Lire la chronique d' Amid Faljaoui
La revanche des salariés
Les salariés ne sont-ils pas en train de prendre leur revanche sur les clients ?
Depuis des décennies on nous répète ad nauseam que le client est roi et que le salarié doit s’adapter à ces désirs, voir à ses caprices. Or, le client risque bientôt d’être détrôné par les salariés. A vrai dire, ce n’est pas moi qui l’affirme, mais Antoine Foucher qui a consacré une tribune à ce sujet chez mes confrères du quotidien économique Les Echos.
Sa démonstration ? Regardez autour de vous : toutes les entreprises, tous les secteurs confondus se plaignent de ne pas trouver de personnel. C’est la fameuse pénurie de main-d’oeuvre qui n’affecte pas seulement les métiers de la restauration, de l’hôtellerie, mais aussi les ingénieurs. Et cette pénurie de main-d’oeuvre est là pour durer encore quelques années. Pour la simple raison qu’elle est structurelle et non pas conjoncturelle. La preuve, nos universités en Belgique ne forment pas assez d’ingénieurs pour la demande qui a explosé pour de type de profil y compris au-delà de l’industrie classique (je pense aux banques et assurances). Quant à nos restaurateurs et autres cafetiers, ils ne trouvent plus de candidats serveur pour la simple raison que le Covid-19 est passé par là. Dans pas mal de secteurs, les employés et ouvriers ont découvert qu’ils avaient parfois une vie de chien. Bref, les horaires coupés, les horaires tardifs, “c’est fini, très peu pour moi cher Monsieur”.
Maintenant, une fois ces données intégrées, mettez-vous quelques secondes à la place des employeurs en question : que peuvent-ils faire pour motiver ces salariés à venir chez eux ? Augmenter le salaire est la solution la plus évidente. Si on peut le faire pour des métiers très spécialisés dans des secteurs porteurs et à forte valeur ajoutée, c’est plus compliqué pour des métiers de proximité et de services à la personne qui sont des métiers à faibles marges. Et puis, ne l’oublions pas, le patron a beau être généreux et accepter de mordre sur sa marge, il a un associé invisible, très gourmand qui ne l’oublie jamais et…. c’est le fisc ! A quoi bon, augmenter un serveur ou une femme de ménage, si la majeure partie de cette augmentation part en charges sociales et fiscales et laisse un “net” riquiqui au salarié en question ?

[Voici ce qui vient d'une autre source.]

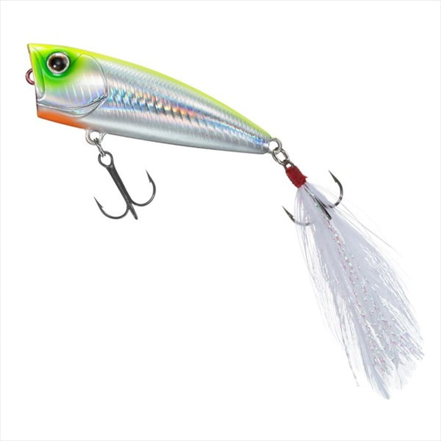 フロロカーボンラインでの使用を前提に開発されたハイパフォーマンスポッパー。多くのトップウォータープラグには、比重が軽く水に浮くナイロンラインやPEラインを使うことが推奨されており、きちんとアクションをつけるにはそれがほぼ必須の条件になっています。しかしながら持ち歩けるタックル数に限りがあるオカッパリや、極力ロッドの本数を減らしたいスモールボートでの釣行時には、トップウォーター用というだけでもうワンタックルを追加で準備することが困難な場合もあります。スティーズポッパーはその浮力やバランス、アクションを調整し、現在のバスフィッシングにおいて主流といえる「フロロカーボンライン」での使用を前提として開発された、数少ないバーサタイル系タックル対応型のポッパーといえます。最小サイズの50F(全長50mm)は、野池や小規模河川などのスモールベイトや虫パターンに対応。

Reste donc à agir sur les conditions de travail pour rendre ces jobs plus attractifs. D’où la question judicieuse posée par Antoine Foucher : jusqu’où les entreprises seront-elles prêtes à aller pour attirer et garder leurs salariés ? Les entreprises les plus riches pourront par exemple offrir une garderie d’enfants, mais quid des autres ? Les entreprises de nettoyage pourraient proposer à leur personnel ne plus avoir d’horaires éclatés, mais alors, le nettoyage devra se faire quand les salariés sont au bureau ? Le client va-t-il l’accepter ? De même, dans le secteur de la distribution et de la logistique, va-t-on faire en sorte de ne pas avoir des horaires qui fluctuent trop d’une semaine à l’autre. Mais alors, cela signifie que la flexibilité des salariés sera plus faible et donc les prix vont augmenter ? Comment vont réagir les clients ?
Vous le constatez, pour attirer et garder des salariés devenus rares, les entreprises seront peut-être obligées de bousculer les habitudes de leurs clients. C’est déjà le cas dans les banques où malgré la fin du covid, il est souvent impossible de passer en agence à l’improviste, ce qui est le contraire du service ! Philippe Bloch, auteur d’un livre culte sur les services (“services compris”) et co-fondateur de la chaine Colombus Café avait coutume de citer l’exemple d’une chaine de supermarchés aux Etats-Unis pour mieux étayer ses propos. Quiconque entrait dans l’un de ses magasins pouvait lire à l’entrée de ces magasins : Règle numéro 1 : le client a toujours raison. Règle numéro 2 : si le client a tort, relisez la règle numéro un. Aujourd’hui, je ne sais pas ce qu’il est en pour vous, mais j’ai tendance à me dire que cette époque est révolue. Aujourd’hui, j’ai beau regarder à gauche et à droite, le service, tout le monde en parle, mais dans les faits, il est devenu aussi rare que les apparitions de la Vierge Marie.